Tuesday, July 18, 2017

CONTACT LENS


Contact lenses have a remarkable history that goes back more than 500 years.



In 1508, Leonardo da Vinci is often credited with the first conception of the idea of contact lenses, in Codex Of The Eye, Manual D. , where he explained a means of manipulating the corneal power of eye by either submerging the entire head in a bowl of water or by wearing a water-filled glass hemisphere over the eye.

Actually he wasn't really talking about correcting vision at that point, but the idea behind the contact lens at its most basic came from manipulating the cornea's power.

in 1636, René Descartes conceptualized a similar idea where a hollow glass tube filled with water placed directly against the cornea, with the protruding end being shaped in order to correct vision. The only drawback of the idea was that it made blinking of eyes  completely impossible.

Basically, there were a lot of crazy ideas thrown down on paper before anyone attempted to actually follow them through to their sharp conclusion, be it vision or pain.

In 1845, Sir John Herschel published two new ideas in the Encyclopedia Metropolitana. The first was for a spherical capsule of glass filled with animal jelly, while the second was a mould of the cornea that could be impressed on a transparent medium. While there's no evidence that these ideas were ever tested or not.

 In 1887, German glassblower F. E. Muller developed the first eye covering that could be both seen through, as well as tolerated.



But until this point in time, any relatively comfortable device that could be placed on the eye made vision more difficult, or impossible, and any device that improved vision was unbearably uncomfortable.

In 1888,  when German ophthalmologist Adolph Fick started forcing fitted blown-glass shells into the eyes of bunnies, the technology's first live test subjects. Fick's design was aimed at helping patients with Keratoconus, a problem that renders the cornea cone-shaped. The glass shells were meant to push the eye flatter, not to improve, say, near sightedness.

His lenses were made from heavy blown glass, and were roughly two centimeters in diameter.



But these lenses were much more comfortable than previous attempts because of the filling of the empty space between cornea/callosity and glass with a dextrose solution. Although this was a huge step forward in lens technology but still they were rather large, inconvenient, and could only be worn for a few hours at a time.

At the same time, German medical student August Muller was experimenting with glass discs aimed at improving vision-his own, actually. His 1889 thesis recounts that although he could get the lenses fit on his eyes, violent pain kicked in about a half an hour after insertion. But with the short-lived fix, his myopia improved.

Those lenses were not the small, light things we have today. That was a kind of  big glass sheets—about twice the size of current disposables covering even the whites of the eyes. The shape exacerbated problem number two. Glass was the wrong material. Eyes need to breathe. Every other tissue in the body is delivered oxygen via red blood cells but the cornea sucks in oxygen directly from the atmosphere. "Glass is impermeable to oxygen. If the oxygen doesn't get to the eye, the cornea starts to swell," explains Nathan Efron, professor of optometry at Australia's Queensland University of Technology.

 It wasn't until 1948, when optical technician Kevin Tuohy realized by accident that contacts didn't have to cover the whites of the eyes at all. While Tuohy was lathing the lens, a recently invented transparent plastic, the part supposed to cover the whites of the eyes dropped off. This left him thinking. So he polished down the disk's edges and tried the slimmer model himself. To his surprise, it actually stayed put—even after blinking.

This increased comfort allowed to  be worn up to sixteen hours a day, where as previous lenses could only be worn for 3-4 hours at a time.
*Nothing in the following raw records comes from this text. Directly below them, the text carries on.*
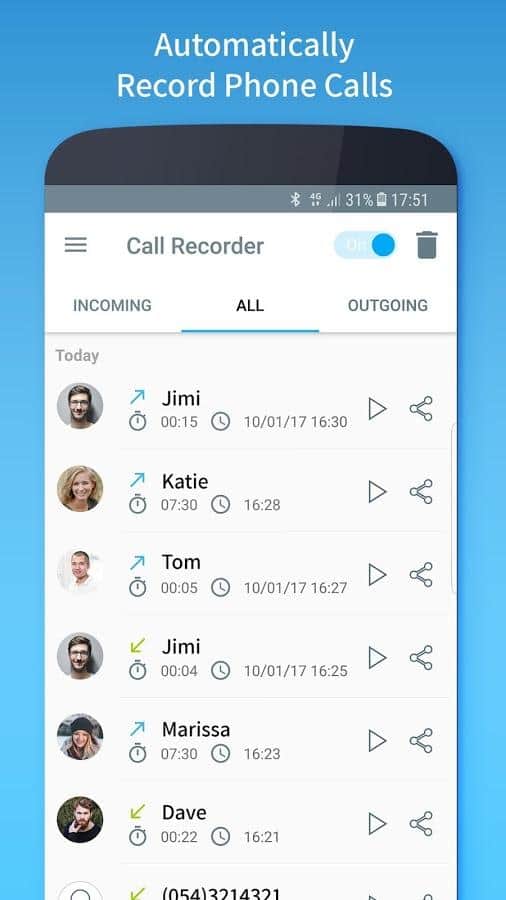 Call Recorder - Automatic - премиум - версия приложения которое позволит вам быстро и просто записывать телефонные звонки, при этом всего лишь необходимо выбрать звонок, входящий или исходящий, по номеру или контакту в телефонной книге и нажать запись. Создатели приложения постарались максимально упростить работу с уже имеющимися записями по средствам сортировки по группам, именам, датам. Так же вы легко сможете обмениваться файлами. Стоит отметить и еще интересную возможность автоматической записи всех звонков, что заметно облегчит работу с данными.
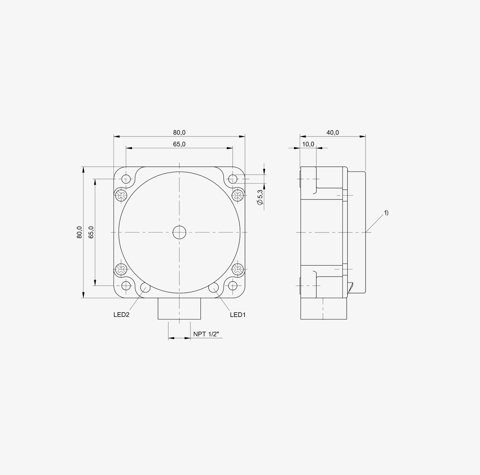 Габариты - 80 x 80 x 40 мм
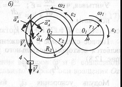 . Рейка 4 движется поступательно, поэтому все её точки имеют одинаковые ускорения. Точка D одновременно принадлежит рейке 4 и ободу колеса 3 радиуса
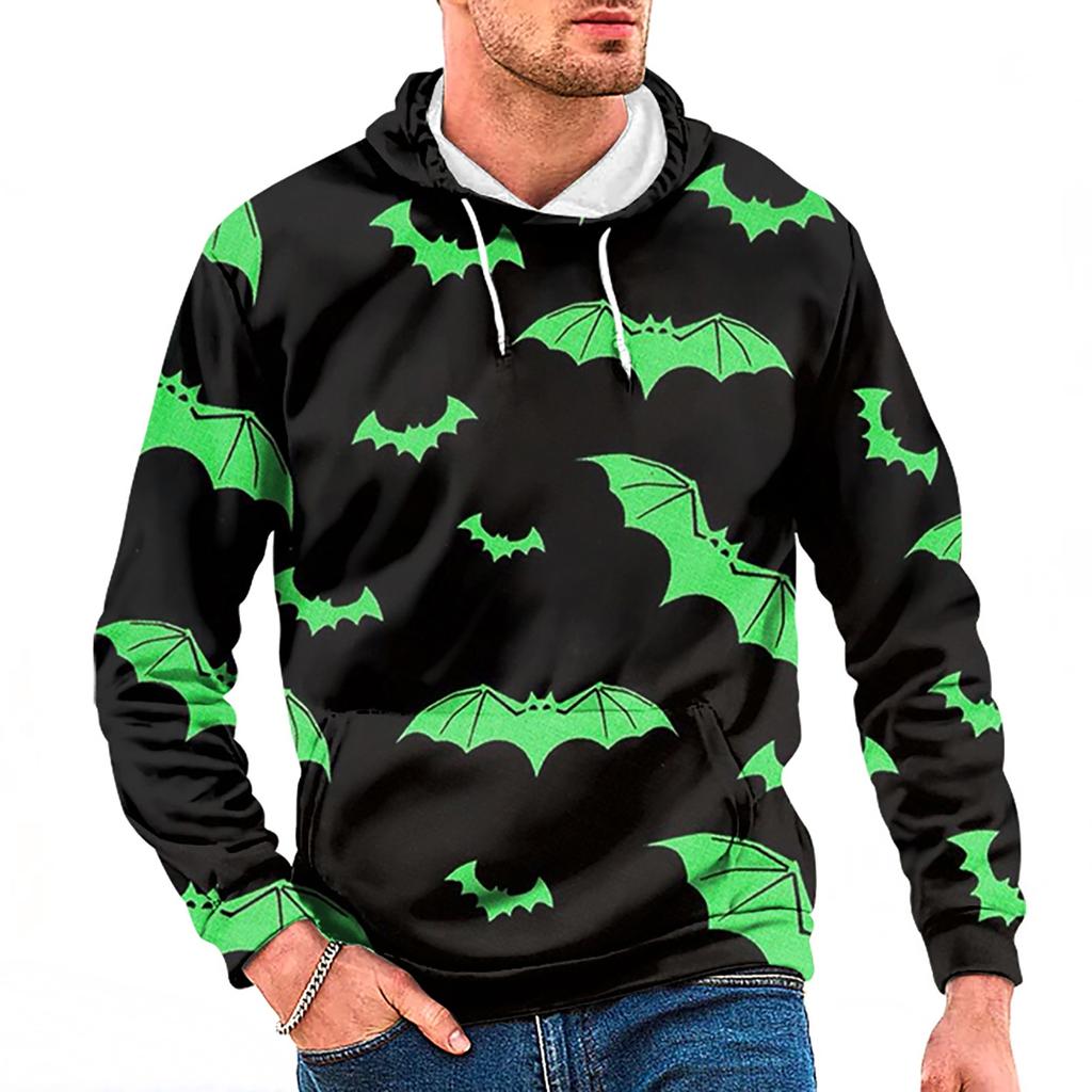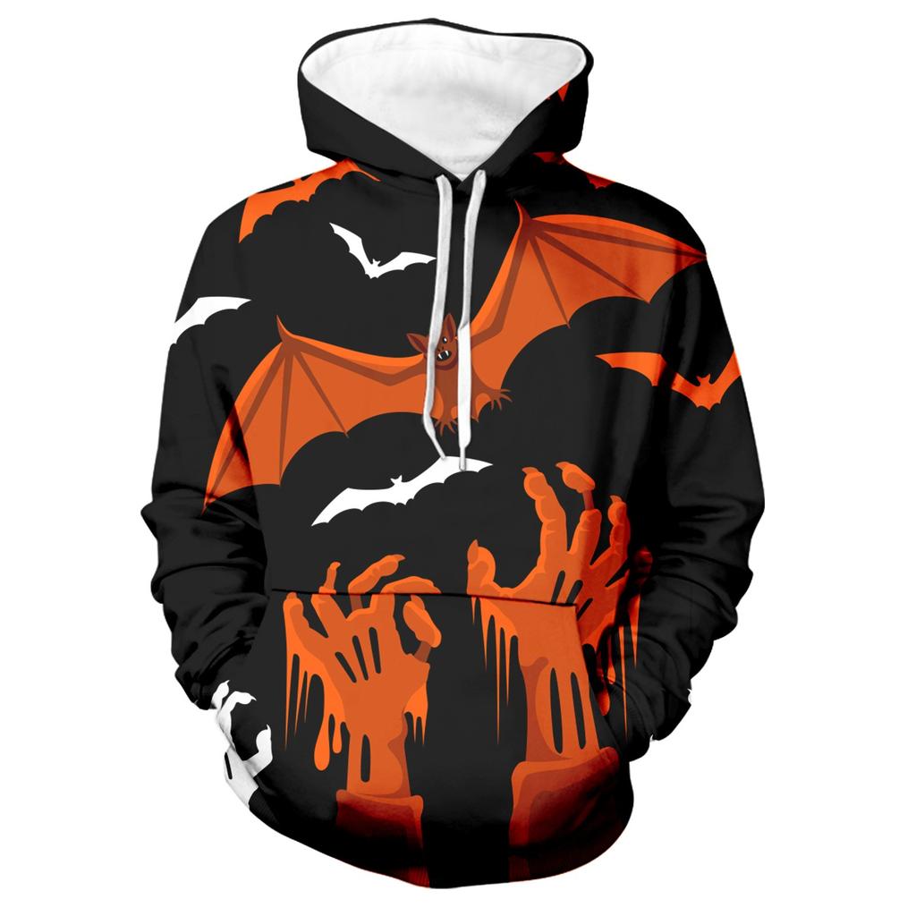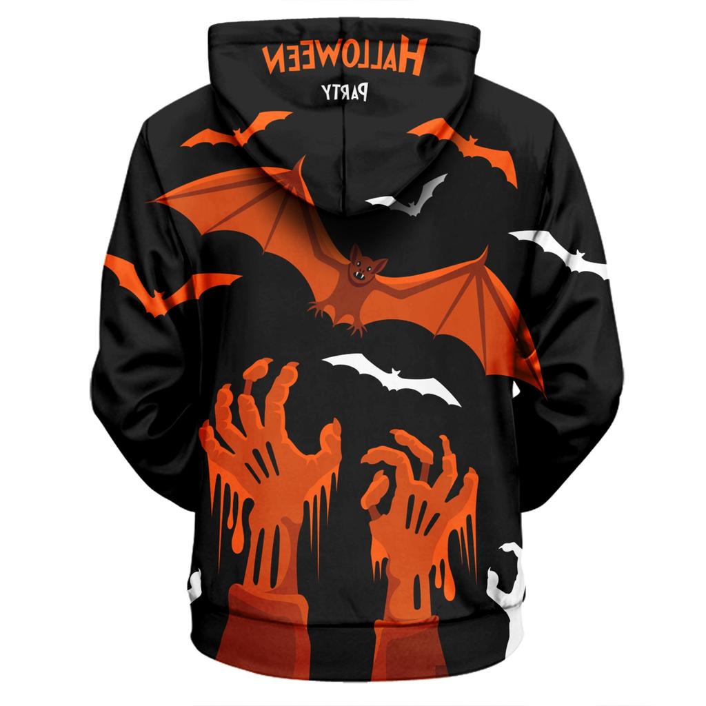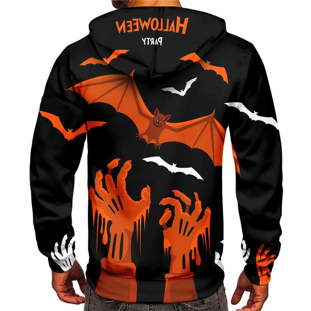 Осенний мужской свитер с цифровым принтом и большим капюшоном на Хэллоуин, новый большой базовый свитер

As manufacturing technology improved into the 1960s, and lens designs became more sophisticated, Plexiglas corneal lenses became the first contacts to have mass appeal. 

The early research into soft lenses was done by Czech chemists Otto Wichterle and Drahoslav Lím, which began in 1959. Several years later, in 1965, the National Patent Development Corporation in the United States purchased the rights to produce the lenses, but sublicensed them to Bausch & Lomb.
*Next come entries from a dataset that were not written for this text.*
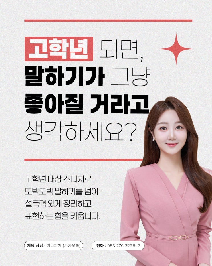 안녕하세요! 아나피치입니다 초등학교 고학년 시기에는 생각이 깊어지고, 자기 의견이 또렷해지는 시기이지만 막상 말로 표현하는 건 어려워하는 친구들이 많은데요. 그래서 준비했습니다 ✨ 초등 고학년(4~6학년) 대상 키즈스피치 프로그램! 또박또박 말하기를 넘어 생각을 정리하고 논리적으로 전달하고 설득력 있게 표현하는 힘을 키우는 시간입니다! 왜 고학년 스피치가 중요할까요? 고학년이 되면 발표, 토론, 수행평가, 면접형 수업까지 “말하기 능력”이 곧 학습 경쟁력이 됩니다. 단순히 발표를 잘하는 것이 아니라 ✔ 자신의 생각을 구조화하는 힘 ✔ 친구들과 소통하는 능력 ✔ 무대 앞에서도 당당한 자신감....... <img src="https://blogthumb.pstatic.net/MjAyNjAyMjdfMTIz/MDAxNzcyMTU3MzQ0MzA3.JtGp2cAOxfKPVe5_QwAAkY9AzBHaMP40ncnW1A7uG0kg.d8UznDx8xy-ZBYPdAUZ_esJD0PBrFxKNs2KkubJPCUog.JPEG/1.jpg?type=s3" />
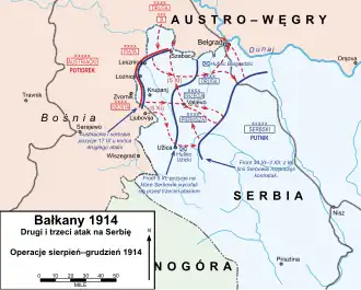 ![]() Oddziały serbskie przekraczają Kolubarę | |||
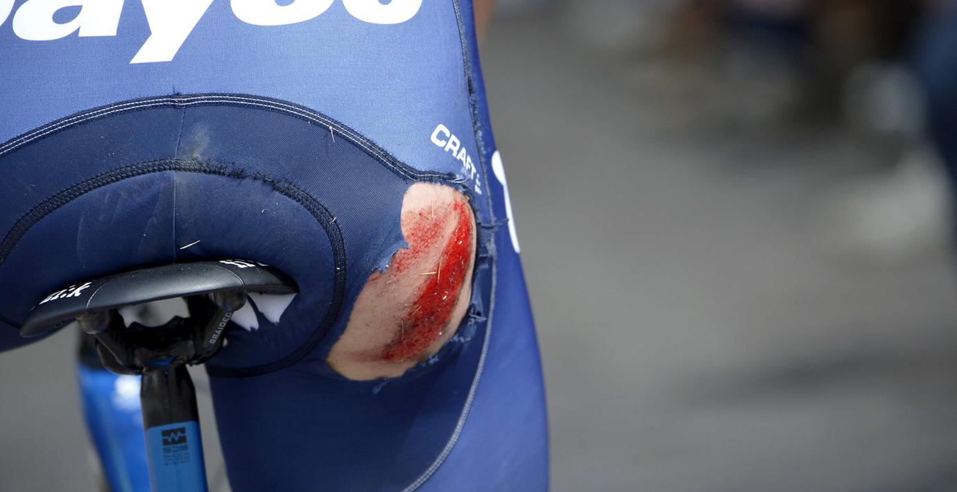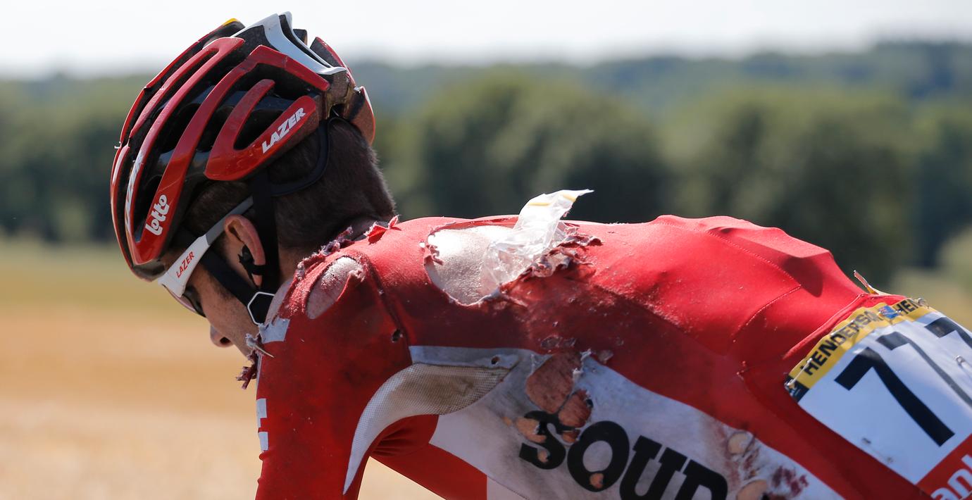 Bonnet gled dryga 50 meter på asfalten och blev sedan överkörd av flera cyklister.

Gradually, over the next 25 years, the polymers from which soft lenses are manufactured improved from time to time again. Increases in oxygen permeability and wetability, made them more comfortable, and decreases in manufacturing costs made them literally disposable. In fact, disposable soft contact lenses were first conceived by British optometrist Rishi Agarwal in by 1972.

So over and all Next time you pop in your lenses, give a little silent thanks to their inventors that the material is soft and your eyes are in tact. 

This wonderfully engineered tool for clear vision, invisible to both wearer and admirer is today used by 120 million people around the world.